В любой войне ее результат зависит не только от ратных деяний на поле боя, но и от обеспечения этого боя тыловыми и медицинскими службами. О руководителе медицинской службы русской армии в 1812 году и будет наше дальнейшее повествование.
О происхождении рода Белоградских, доподлинных сведений нет. Считается, что родоначальником был некий выкрест из крымских татар, попавший в Малороссию еще в XVII веке. Однако точно известно, что наш герой Григорий Григорьевич Белоградский родился в 1772 году в семье полтавского дворянина. По велению родителей он едет учиться в Шкловский кадетский корпус (в городе Шклов, под Могилевом. Корпус вел начало от Шкловского благородного училища, основанного сербом С. Г. Зоричем, фаворитом Екатерины II. Корпус стал в дальнейшем 1-ым Московским кадетским корпусом. После его окончания Григорий Белоградский поступил на военную службу в Екатеринославский кирасирский полк, в котором проходил её до чина подполковника. Белоградский успел повоевать с турками в 1787-1791 годах, поучаствовать в осаде крепости Бендеры и отличиться в польской кампании 1794 года во время штурма Варшавы.

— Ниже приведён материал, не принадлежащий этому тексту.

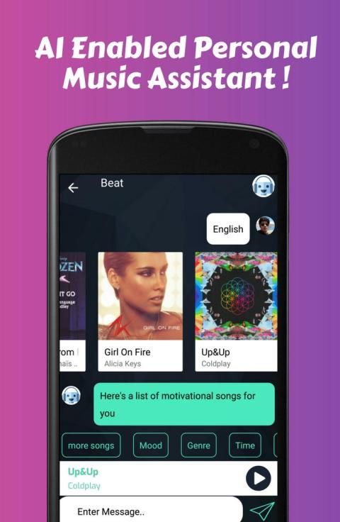 एआई ने व्यक्तिगत संगीत सहायक को सक्षम किया: बीट आपका व्यक्तिगत डीजे है। यह आपका व्यक्तिगत संगीत बॉट है जो आपको और आपके वास्तविक समय की जरूरतों को समझता है और आपको संगीत का सुझाव देता है। यह वह गतिविधि है जो आप कर रहे हैं, एक विशिष्ट शैली या आपके द्वारा की जा रही भावनाएं, बीट आपसे बात करेगा, आपको समझेगा और आपको आपकी आवश्यकताओं के लिए गाने की सूची सुझाएगा। यह वह नहीं है! इसमें अन्य फीचर्स जैसे ट्रिविया और जोक्स हैं, जो आपका मनोरंजन करते रहेंगे।
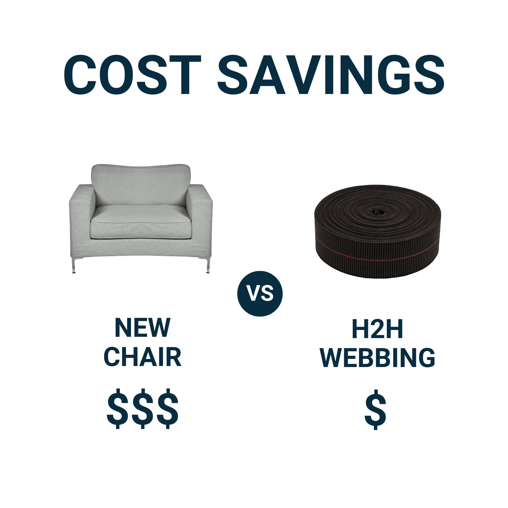 ECONOMICAL - If you've ever called around to get quotes on how much it costs to have seat webbing replaced, you know that it's not a cheap job. Instead of spending hundreds of dollars buying a new chair or paying someone to fix it, you can tackle the job yourself for a fraction of the cost
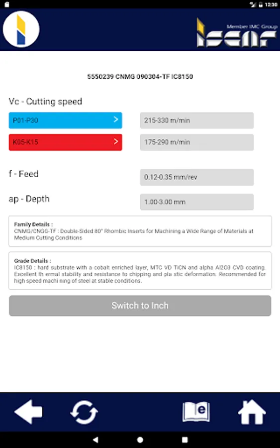 CUTTING INFO provides machining data for all of ISCAR's cutting tool geometries.

Офицер и солдат Екатеринославского полка
Шкловский кадетский корпус
В 1801 году его уволили от службы, но особые склонности к административному делу привели Григория Григорьевича в 1805 году Дубенское комиссариатское депо - орган управления финансовой системы русской армии.
В 1807 году в составе армии Беннигсена, Белоградский участвовал в сражении при Прейсиш-Эйлау. Он был легко ранен и после возвращению в Россию получил назначение в штат главнокомандующего Финляндской армией, где теперь уже пришлось воевать со шведами. Полтавский подполковник участвует в осаде Свеаборга и Або. Некоторое время Белоградский был порученцем военного министра М. Б. Барклая де Толли и уже в этой должности в 1811 году, в звании полковника был переведен в лейб-гвардейский Преображенский полк.
Очевидность будущей войны заставляла правительство страны и военное министерство унифицировать медицинское обслуживание солдат и офицеров. Фактическим создателем российской военно-медицинской школы можно считать уроженца cела Денисовка Лубенского уезда Полтавской губернии, сына реестрового казака Лубенского полка Карпа Карпинского, по совместительству основателя имперской анатомической школы - Никона Карпинского. Профессор Медицинской коллегии, которую ввели в состав учрежденного Министерства внутренних дел, активно взялся за работу. Однако после реформы 1805 года в Министерстве военно-сухопутных и военно-морских сил для руководства соответствующими медицинскими службами создаются медицинские экспедиции во главе с генерал-штаб-докторами. И первым генерал-штаб-доктором стал Никон Карпович Карпинский.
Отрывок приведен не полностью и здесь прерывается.